Segment Start: DATA PROVIDED

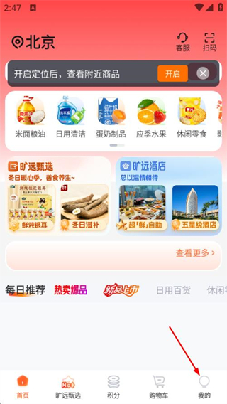 1、打开旷远e家,在首页点击我的,进入个人中心页面。
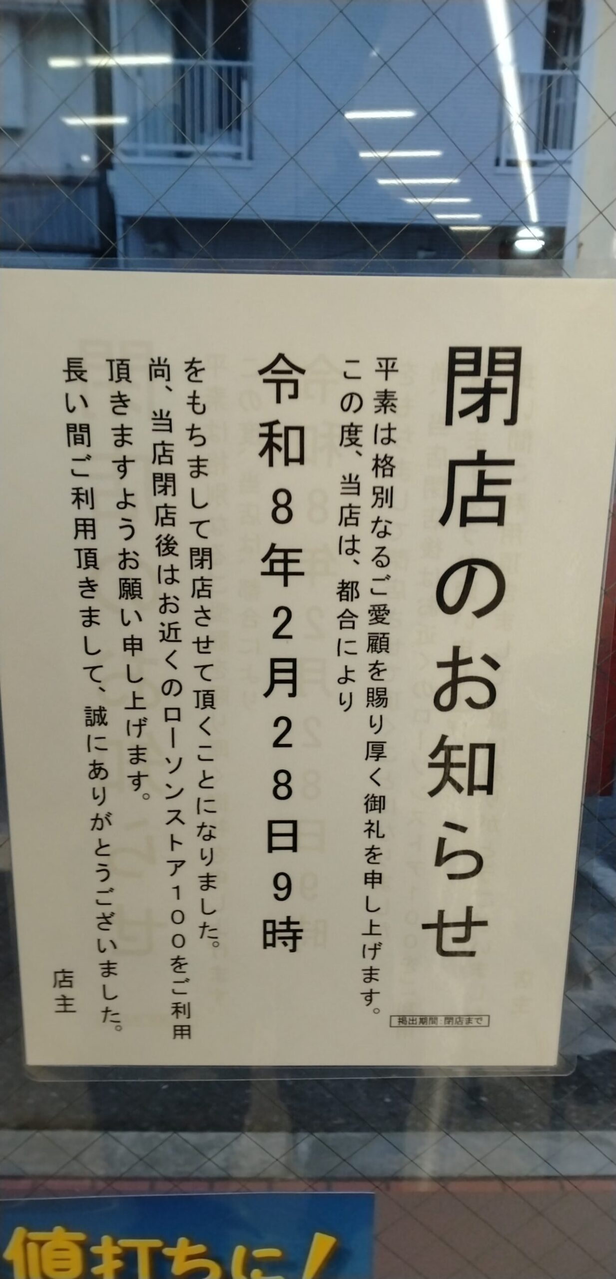 案内には、2026年2月28日(土)9時をもって閉店する旨が記載されていました。あわせて、これまでのご愛顧へのお礼と、閉店後は近隣店舗の利用をお願いする内容も見られました。
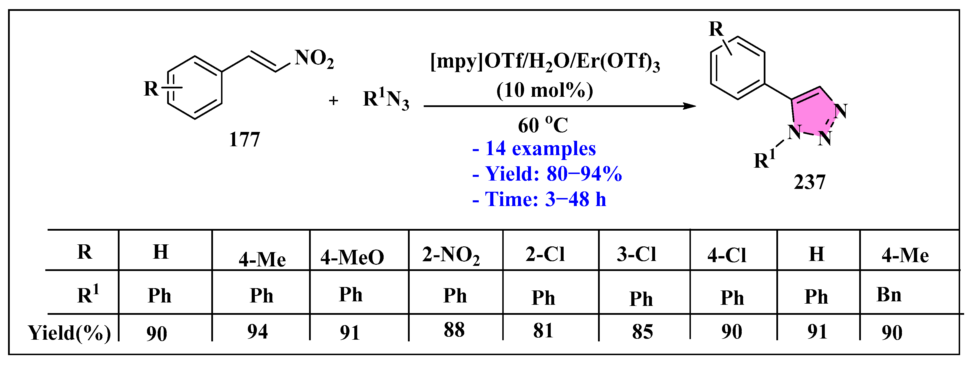 - Maiuolo, L.; Russo, B.; Algieri, V.; Nardi, M.; Di Gioia, M.L.; Tallarida, M.A.; De Nino, A. Regioselective synthesis of 1,5-disubstituted 1,2,3-triazoles by 1,3-dipolar cycloaddition: Role of Er(OTf)3, ionic liquid and water. Tetrahedron Lett. 2019, 60, 672–674. [Google Scholar] [CrossRef]
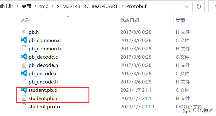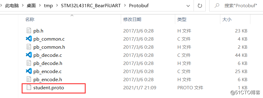 生成student.pb.c与student.pb.h文件:
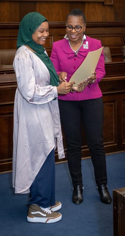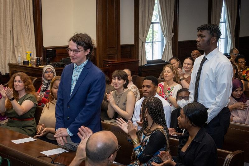 At the May 20, 2023 event at City Hall, EJI Rep. Deksyos Damtew presented a total of $5,000 in scholarships to three students for essays exploring racial disparities in health care, modern-day lynchings, and an inaccurate historical portrayal that makes it a crime to be Black.
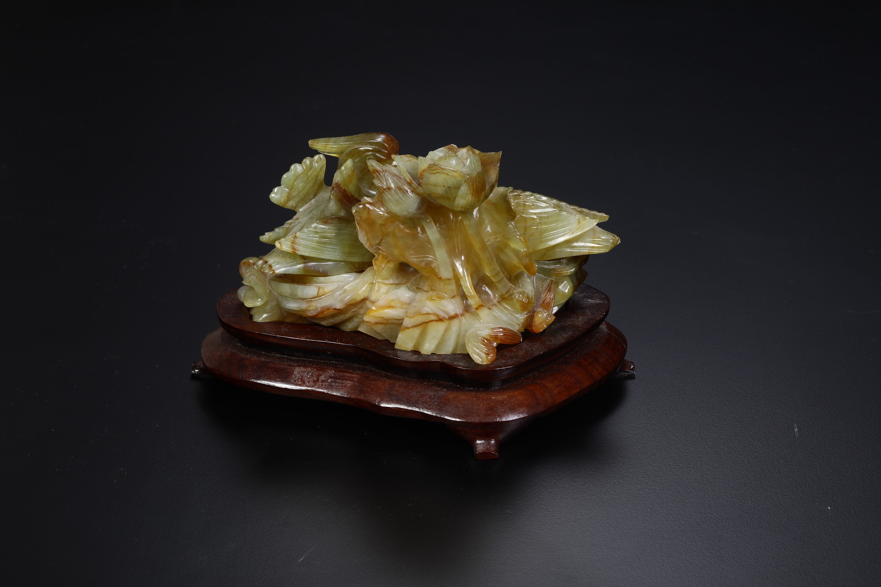Statuina della fertilità in giada con base in legno. XX secolo
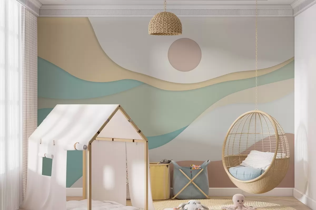 Fototapetes Minimālistiska abstrakcija ar maigām, viļņveidīgām formām, kas atgādina plūstošus ainavas un kāpas. Nr. w04874
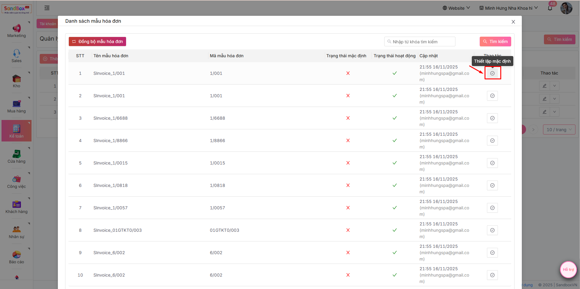 \- Để chọn thiết lập mặc định mẫu hóa đơn đó, chọn ![](https://docs.sandbox.com.vn/~gitbook/image?url=https%3A%2F%2F46536393-files.gitbook.io%2F%7E%2Ffiles%2Fv0%2Fb%2Fgitbook-x-prod.appspot.com%2Fo%2Fspaces%252FKnaMljuquxKOnflZEqLy%252Fuploads%252FgGwjA0jKqH0YZeV5Sihm%252Fimage.png%3Falt%3Dmedia%26token%3D0b3d4e3c-5935-424e-87cc-d64b0858e9e0\&width=300\&dpr=4\&quality=100\&sign=fd2b6a7d\&sv=2) tại cột thao tác:
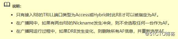 被指定用来转发流量的RB,只有AF可以作为Ingress和Egress,非AF只能作为Transit RB,即当服务器采用双上行接入TRILL网络时,如果服务器网卡不采用负载分担的方式接入,很容易产生环路。所以需要指定一台RB作为转发用户流量的RB。
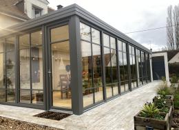 Création d'une véranda aluminium avec toiture plate conçue comme une vraie pièce à vivre ! les matériaux employés isolent du bruit de la route et de du froid.
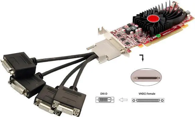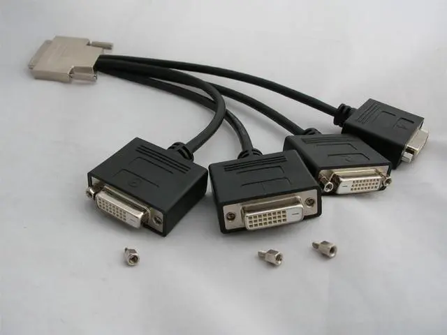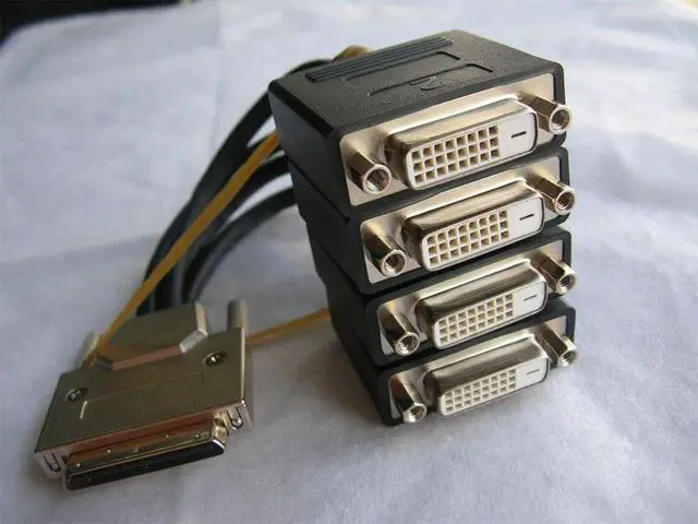 : Before using the VHDCI to DVI*4 Cable, please ensure that your computer's graphics card features a VHDCI female output interface and supports multi-screen output, and the monitors are equipped with DVI input interfaces. Typically, this type of cable is designed for multi-screen display setups, so it's important to verify that your computer equipment meets these requirements prior to purchase.

Segment End: DATA PROVIDED

*WORK TASK:* When you repeat the material, keep every word exact and drop the pictures.

*RESPONSE TO THIS EXERCISE:*
 1、打开旷远e家,在首页点击我的,进入个人中心页面。
 案内には、2026年2月28日(土)9時をもって閉店する旨が記載されていました。あわせて、これまでのご愛顧へのお礼と、閉店後は近隣店舗の利用をお願いする内容も見られました。
 - Maiuolo, L.; Russo, B.; Algieri, V.; Nardi, M.; Di Gioia, M.L.; Tallarida, M.A.; De Nino, A. Regioselective synthesis of 1,5-disubstituted 1,2,3-triazoles by 1,3-dipolar cycloaddition: Role of Er(OTf)3, ionic liquid and water. Tetrahedron Lett. 2019, 60, 672–674. [Google Scholar] [CrossRef]
 生成student.pb.c与student.pb.h文件:
 At the May 20, 2023 event at City Hall, EJI Rep. Deksyos Damtew presented a total of $5,000 in scholarships to three students for essays exploring racial disparities in health care, modern-day lynchings, and an inaccurate historical portrayal that makes it a crime to be Black.
Statuina della fertilità in giada con base in legno. XX secolo
 Fototapetes Minimālistiska abstrakcija ar maigām, viļņveidīgām formām, kas atgādina plūstošus ainavas un kāpas. Nr. w04874
 \- Để chọn thiết lập mặc định mẫu hóa đơn đó, chọn ![](https://docs.sandbox.com.vn/~gitbook/image?url=https%3A%2F%2F46536393-files.gitbook.io%2F%7E%2Ffiles%2Fv0%2Fb%2Fgitbook-x-prod.appspot.com%2Fo%2Fspaces%252FKnaMljuquxKOnflZEqLy%252Fuploads%252FgGwjA0jKqH0YZeV5Sihm%252Fimage.png%3Falt%3Dmedia%26token%3D0b3d4e3c-5935-424e-87cc-d64b0858e9e0\&width=300\&dpr=4\&quality=100\&sign=fd2b6a7d\&sv=2) tại cột thao tác:
 被指定用来转发流量的RB,只有AF可以作为Ingress和Egress,非AF只能作为Transit RB,即当服务器采用双上行接入TRILL网络时,如果服务器网卡不采用负载分担的方式接入,很容易产生环路。所以需要指定一台RB作为转发用户流量的RB。
 Création d'une véranda aluminium avec toiture plate conçue comme une vraie pièce à vivre ! les matériaux employés isolent du bruit de la route et de du froid.
 : Before using the VHDCI to DVI*4 Cable, please ensure that your computer's graphics card features a VHDCI female output interface and supports multi-screen output, and the monitors are equipped with DVI input interfaces. Typically, this type of cable is designed for multi-screen display setups, so it's important to verify that your computer equipment meets these requirements prior to purchase.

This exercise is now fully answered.